PROBLEM TO WORK ON:
Every line of the listing belongs in your answer exactly as written; the images do not.

DATA PROVIDED:
==============================

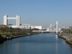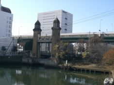 「松重閘門」という歴史的産業遺産です。昭和初期に堀川と並行してして作られた「中川運河」とバイパスするために船を通した門です。昭和51年まで現役だったそうです。 |
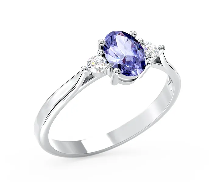 Pierścionek zaręczynowy z białego złota JP-22B z tanzanitem i diamentami 0,04 ct.
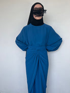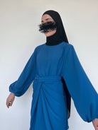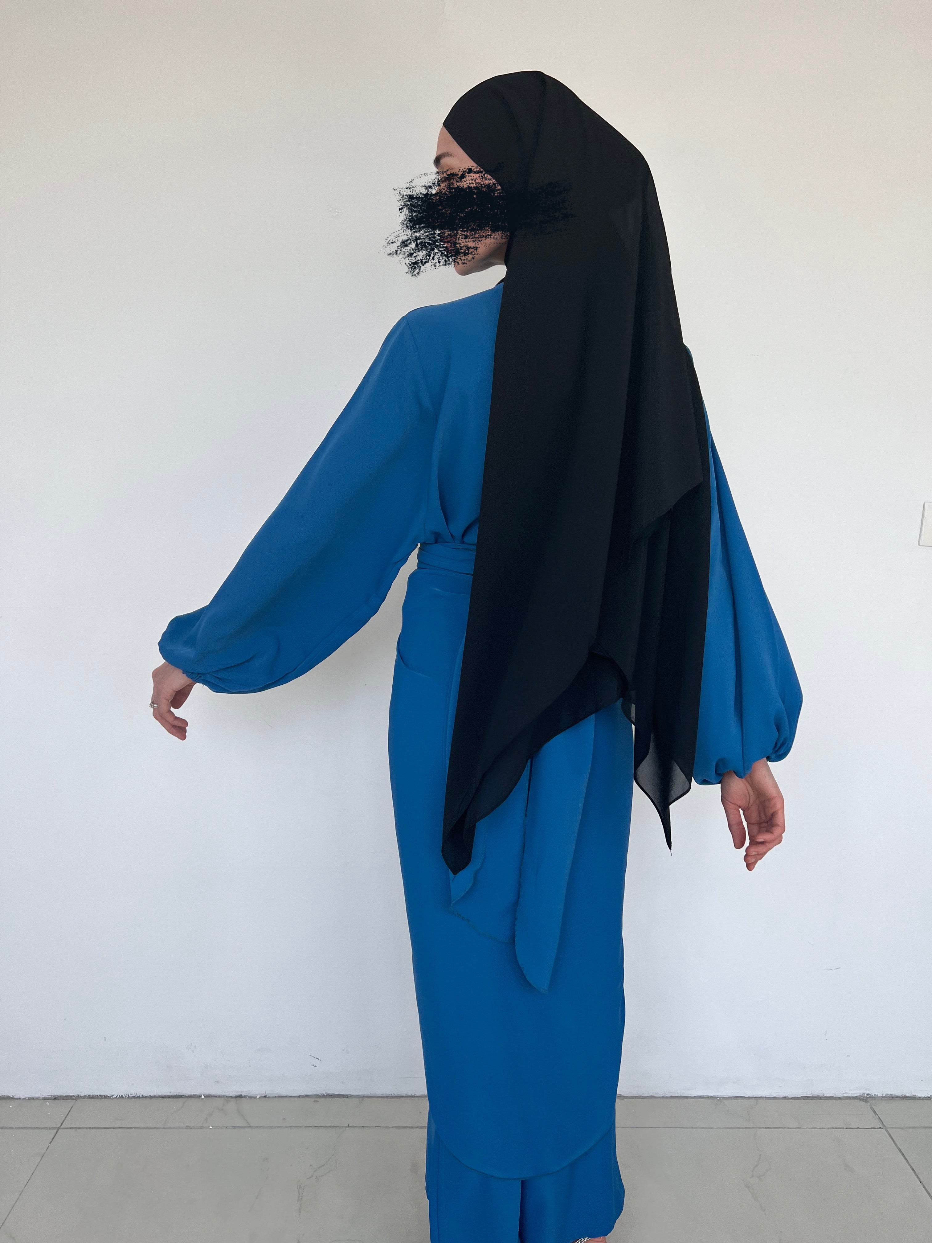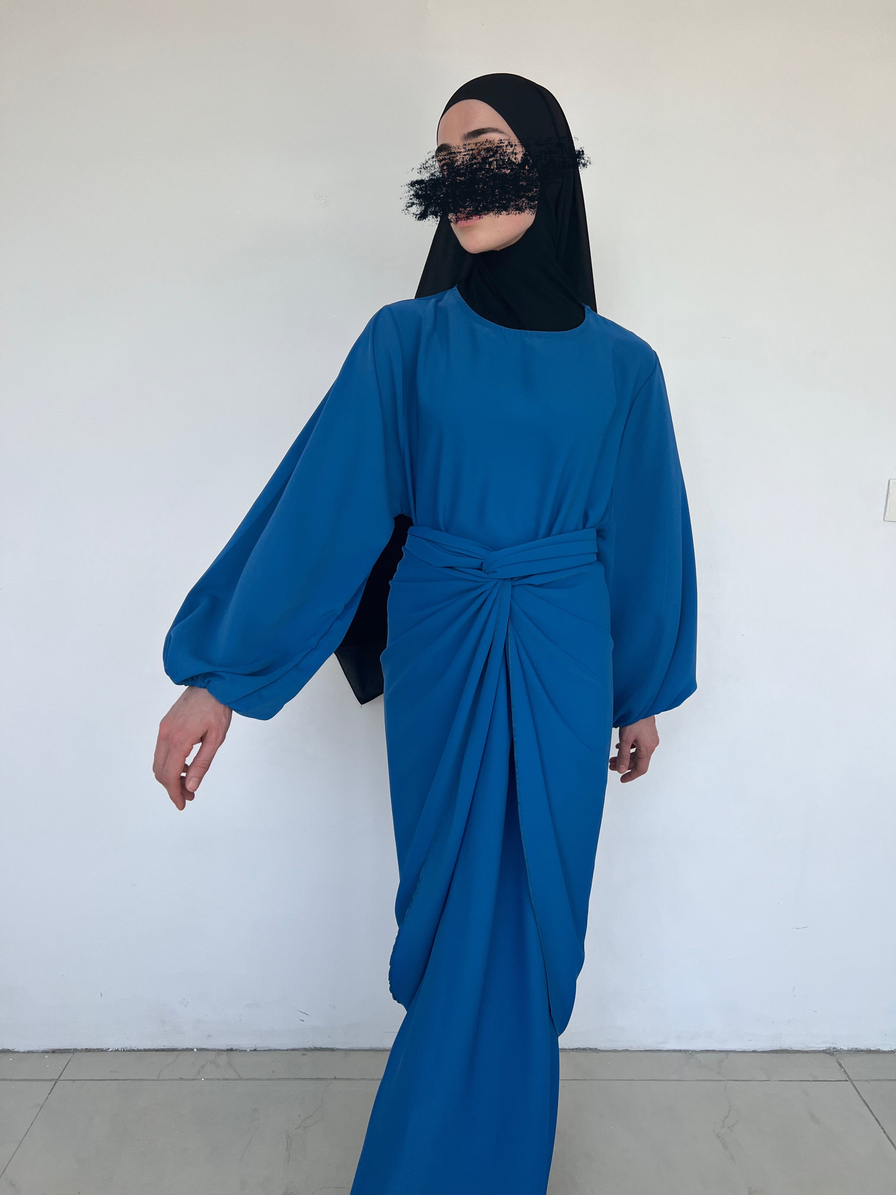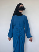 In fresh and opaque Silk of Medina fabric, opt for this sophisticated set. Two in one, this set offers you a simple abaya, without artifice, and a skirt to tie around the waist to add a layer of volume and mark the waist, the skirt is very light and does not weigh. You can pair it with one of our kimonos on top, for more coverage! The light fabric guarantees you a pleasant summer.

==============================

EXERCISE RESPONSE:
 「松重閘門」という歴史的産業遺産です。昭和初期に堀川と並行してして作られた「中川運河」とバイパスするために船を通した門です。昭和51年まで現役だったそうです。 |
 Pierścionek zaręczynowy z białego złota JP-22B z tanzanitem i diamentami 0,04 ct.
 In fresh and opaque Silk of Medina fabric, opt for this sophisticated set. Two in one, this set offers you a simple abaya, without artifice, and a skirt to tie around the waist to add a layer of volume and mark the waist, the skirt is very light and does not weigh. You can pair it with one of our kimonos on top, for more coverage! The light fabric guarantees you a pleasant summer.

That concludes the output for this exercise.